-------- DATA UNDER STUDY

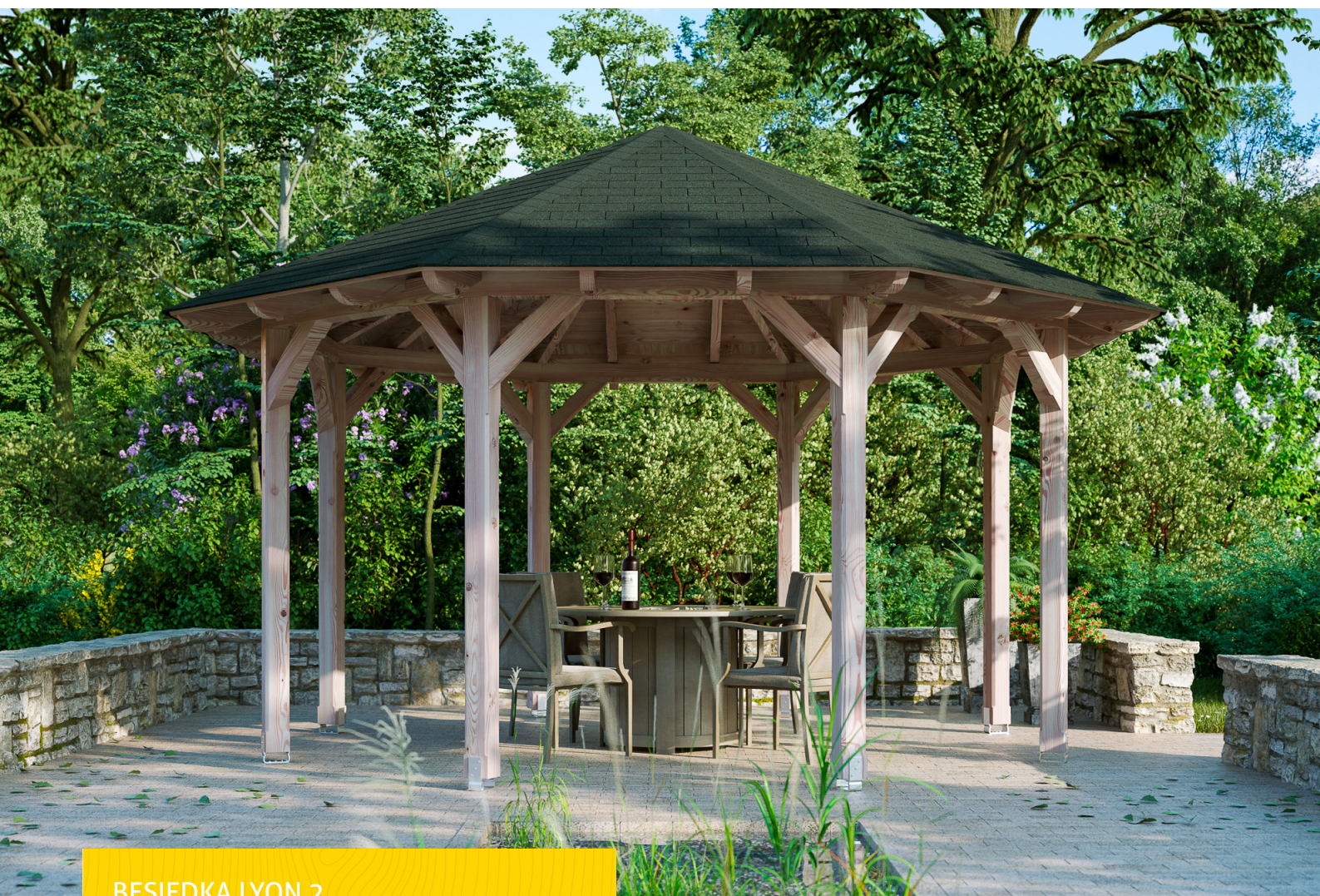
BESIEDKA LYON 2 2 - Ø 484 cm

Masívna konštrukcia z vysokokvalitnej douglasky
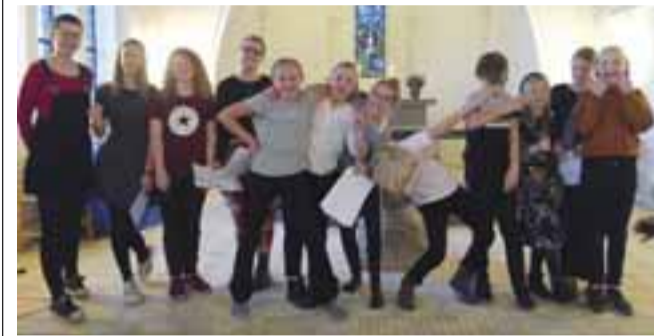
Kirkens ungdomskor laver drama med temaet "fristelser" ved koncerten 19. november kl. 18.30.

Der er gratis adgang til koncerten, som varer ca. en time.
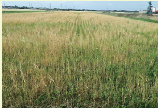
湿害による生育不良
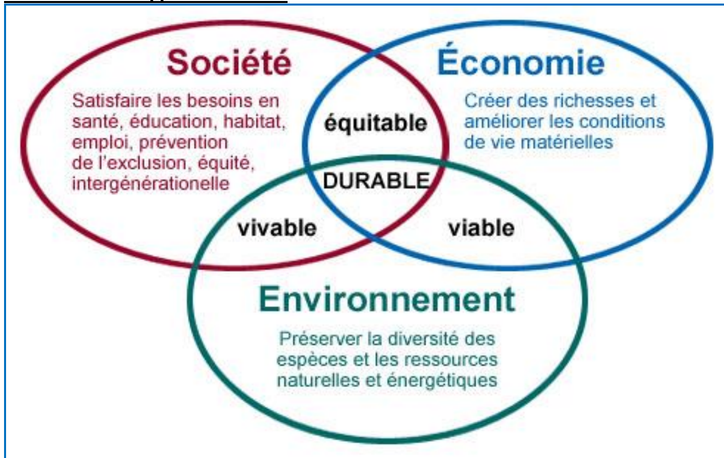
Schéma du développement durable
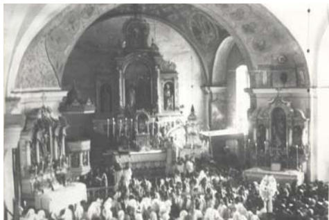
Bohoslužba na odpustovú slávnosť r. 1940
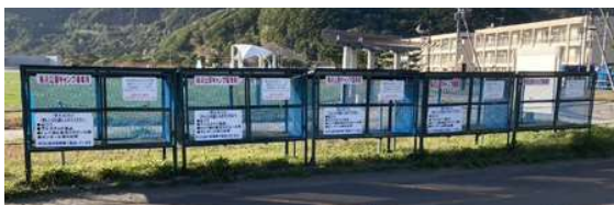
ゴミのお持ち帰り前提ではどうしても汚れてしまう...そこでコレを設置！今ではゴミも放置されず、近隣住民の苦情も減少した。

「ゴミの収集を始めたら長年の課題であった「放置ゴミ」の撲滅にむけ、昨年よりゴミステーションの設置を開始している。効果はまさにテキメン、利用者の方も「便利になった」と好評だ。
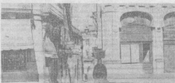
ИСПАНИЯ. Город Внго. НА СНИМКЕ: улочка на окраине города.

об этом, газета «Ультимас Нотнспас» пишет, что бандиты совершают убнйства крестьян по приказаниям крупных земельных собственников, которые стремятся захватить в свои руки как можно больше земель.
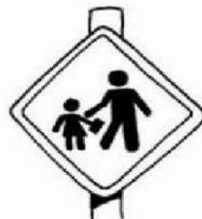
Área escolar próxima

LIGUE CORRETAMENTE OS NOMES DAS CORES AO SIGNIFICADO.
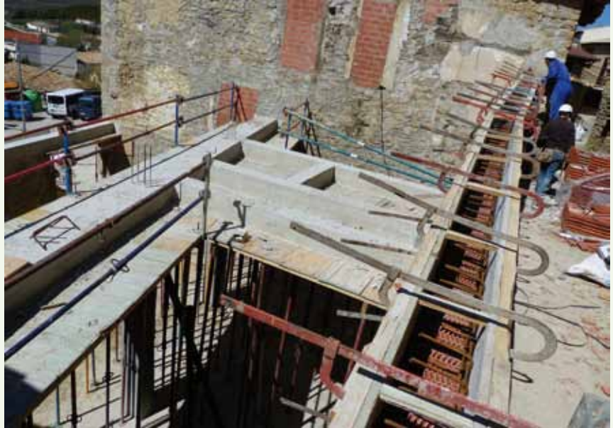
Obras en el futuro Centro de Día

Una vez realizadas las obras y el amuebla-
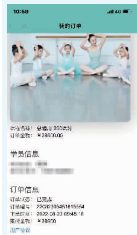
薛女士交费转账记录

薛女士对该培训机构要跑路的担心或许并不是空穴来风。5月16日,在《政风热线·我来帮你问厅长》全媒体直播节目中,南通不少家长反映,崇川区“Isee灰姑娘”少儿艺术培训机构突然闭店,致使数百位学员无法上课,家长面临退费难题。5月18日,江苏省文化和旅游厅副厅长钱宁带队赶赴南通现场督办。南通门店张贴的“告家长书”显示,因校区经营困难,多次面临现金流断裂危险。2023年,灰姑娘总部单方面发布解约公告,引发会员挤兑退费,进一步恶化了公司资金现状,不得已做出闭店决定。针对此事,崇川区文旅局协调了11家培训机构帮助家长转课,让大部分学生能得到正常的培训。

----------------

Copy exactly, and only, the lines from the line containing "Der er gratis" through the final line of the material above, with no pictures.

Der er gratis adgang til koncerten, som varer ca. en time.
湿害による生育不良
Schéma du développement durable
Bohoslužba na odpustovú slávnosť r. 1940
ゴミのお持ち帰り前提ではどうしても汚れてしまう...そこでコレを設置！今ではゴミも放置されず、近隣住民の苦情も減少した。

「ゴミの収集を始めたら長年の課題であった「放置ゴミ」の撲滅にむけ、昨年よりゴミステーションの設置を開始している。効果はまさにテキメン、利用者の方も「便利になった」と好評だ。
ИСПАНИЯ. Город Внго. НА СНИМКЕ: улочка на окраине города.

об этом, газета «Ультимас Нотнспас» пишет, что бандиты совершают убнйства крестьян по приказаниям крупных земельных собственников, которые стремятся захватить в свои руки как можно больше земель.
Área escolar próxima

LIGUE CORRETAMENTE OS NOMES DAS CORES AO SIGNIFICADO.
Obras en el futuro Centro de Día

Una vez realizadas las obras y el amuebla-
薛女士交费转账记录

薛女士对该培训机构要跑路的担心或许并不是空穴来风。5月16日,在《政风热线·我来帮你问厅长》全媒体直播节目中,南通不少家长反映,崇川区“Isee灰姑娘”少儿艺术培训机构突然闭店,致使数百位学员无法上课,家长面临退费难题。5月18日,江苏省文化和旅游厅副厅长钱宁带队赶赴南通现场督办。南通门店张贴的“告家长书”显示,因校区经营困难,多次面临现金流断裂危险。2023年,灰姑娘总部单方面发布解约公告,引发会员挤兑退费,进一步恶化了公司资金现状,不得已做出闭店决定。针对此事,崇川区文旅局协调了11家培训机构帮助家长转课,让大部分学生能得到正常的培训。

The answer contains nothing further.